Пахло сиренью и горьковатым ароматом цветущих тополей. Прибитая росой пыль на дороге всасывала звук моих шагов. У калитки стоял в сторожкой напряженной позе Барс. Тоненьким горловым подвизгом он дал мне знать издали: «Слышу, дожидаюсь!»
Я отворил дверь в дом и позвал его:
– Пошли со мной… Нам тоже спать пора…
– Припозднился ты, брат, припозднился, – благодушно сказал Владилен, оторвавшись от маленького транзисторного приемника, вещавшего спортивные новости. Владилен удобно устроился в старом глубоком кресле, верхняя пуговица на поясе брюк была расстегнута, подтяжки сброшены с плеч, он весь был замкнут на процессе спокойного вечернего пищеварения.
Женщины перетирали за столом вымытую посуду. Лара обессиленно кивнула мне, а Галя сосредоточенно не смотрела на меня. Она выражала мне свое неудовольствие тем, что я напрочь забыл о ней в такой тяжелый, волнующий день, не оказал должного внимания и сам отказался от столь необходимого мне сопереживания. И тем самым лишил ее дополнительного веса в глазах столь близких мне людей, переживающих горе, которому она сейчас сочувствовала, а я – своим отсутствием – снижал тяжесть понесенного удара и гасил накал ее сострадания.

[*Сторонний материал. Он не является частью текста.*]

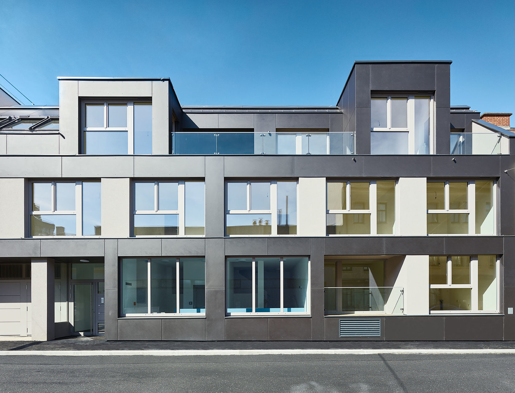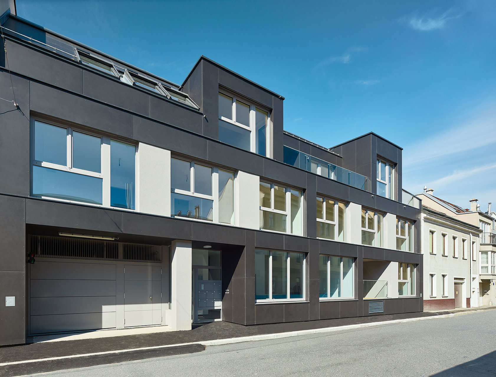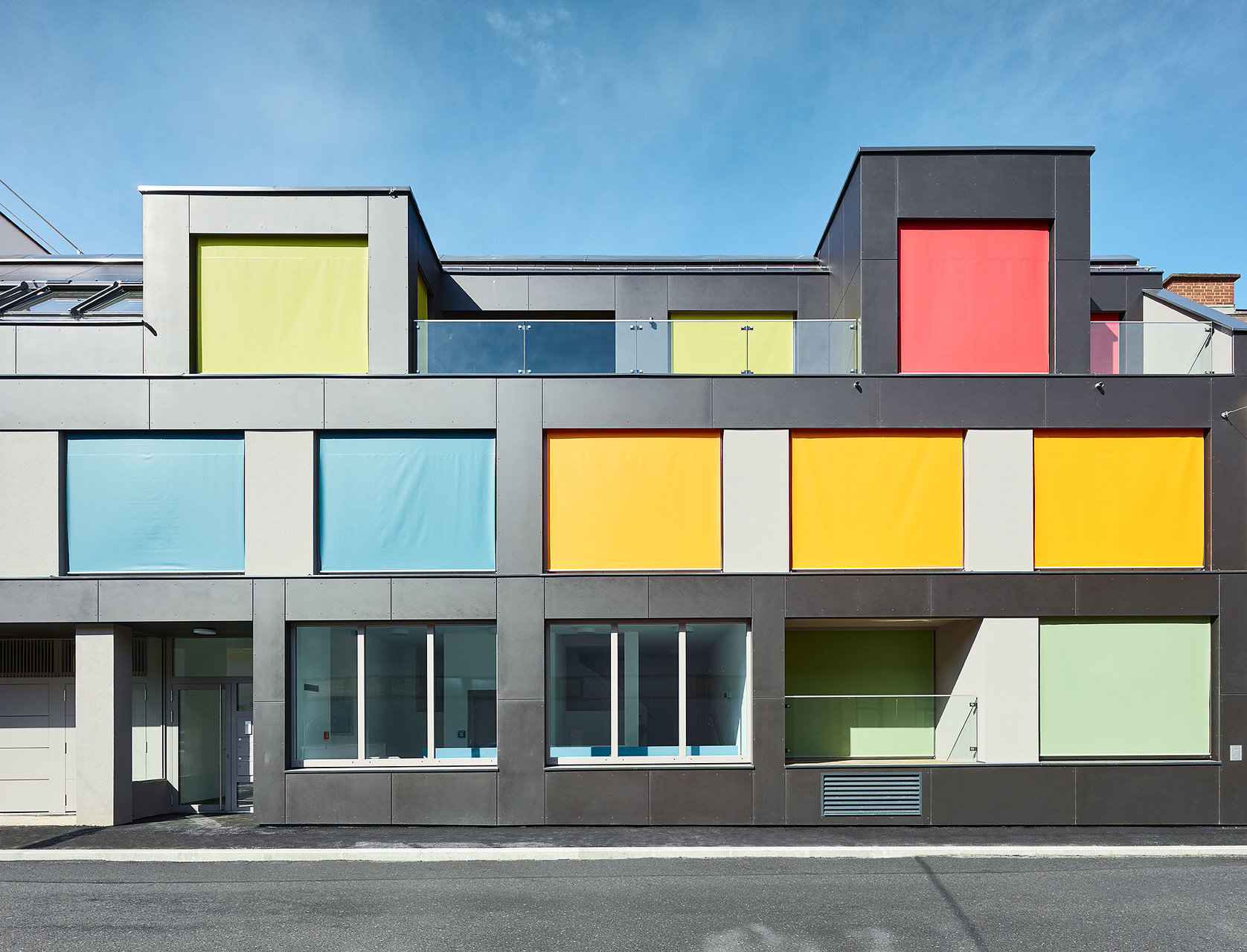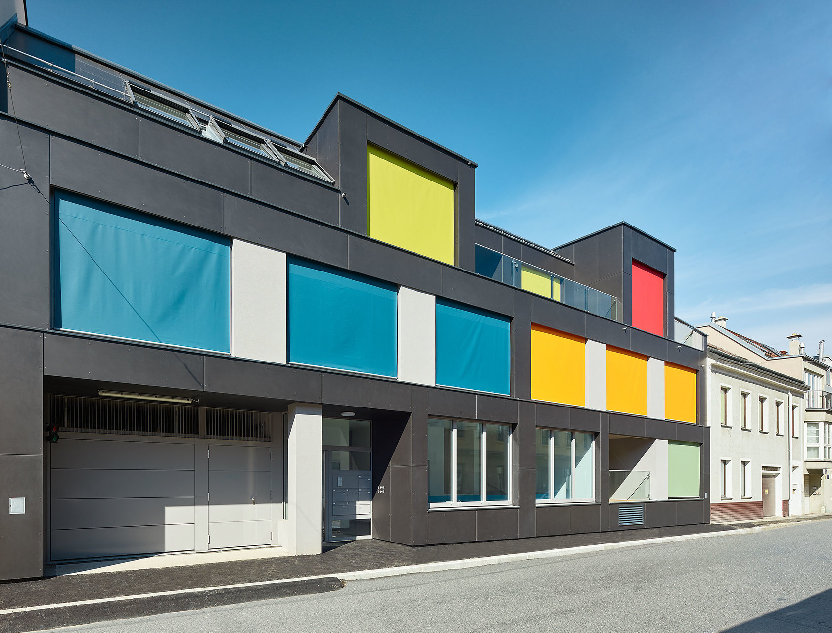 Die Straßenfassade stuft sich pro Geschoss ca 10cm nach hinten ab. Schwarze Eternittafeln bilden einen Rahmen um jede Wohneinheit. Verstärkt wird die Wirkung noch durch den Sonnenschutz, jede Wohnungen hat ihre eigene Farbe.
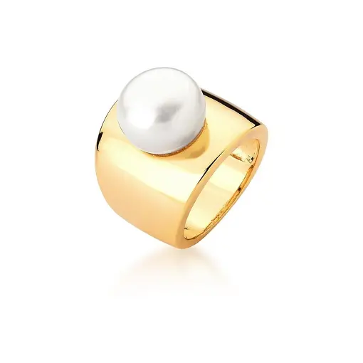 0113422 - ANEL LISO COM PÉROLA SHELL BANHADO A OURO

Барс робко потыкался мне в ноги, потом понял, что его не выгонят, отошел в угол и свернулся в лохматый ком.
– Ты есть не хочешь? – спросила Лариса.
Я отказался. Уселся за стол, откинулся на спинку стула, вытянул ноги, и огромная усталость навалилась на меня. Мне не хотелось говорить, думать, не хотелось никого видеть. Одно огромное желание владело мной: лечь, закрыть глаза, свернуться, как Барс, клубком, забыть все, забыть этот долгий ужасный день.
– Тебе удалось что-нибудь узнать? – спросил Владилен, не отрываясь от своего приемника. В транзисторе что-то пищало, скрипело, билось, скороговоркой суетливо бормотало. Казалось, что он держит в руке маленькую клетку с напуганным беснующимся зверьком. Но зверек матусился напрасно – его пищащий страстный шепот мало волновал Владилена. Приблизительно так же, как и мои сведения, которые я должен был добыть. Владилен – безмятежно счастливый, спокойный человек. Равнодушный ко всему на свете.
– Нет, ничего не узнал я покамест, – нехотя ответил я и спросил у Лары: – Тебе не доводилось слышать от отца о каких-нибудь конфликтах с завучем?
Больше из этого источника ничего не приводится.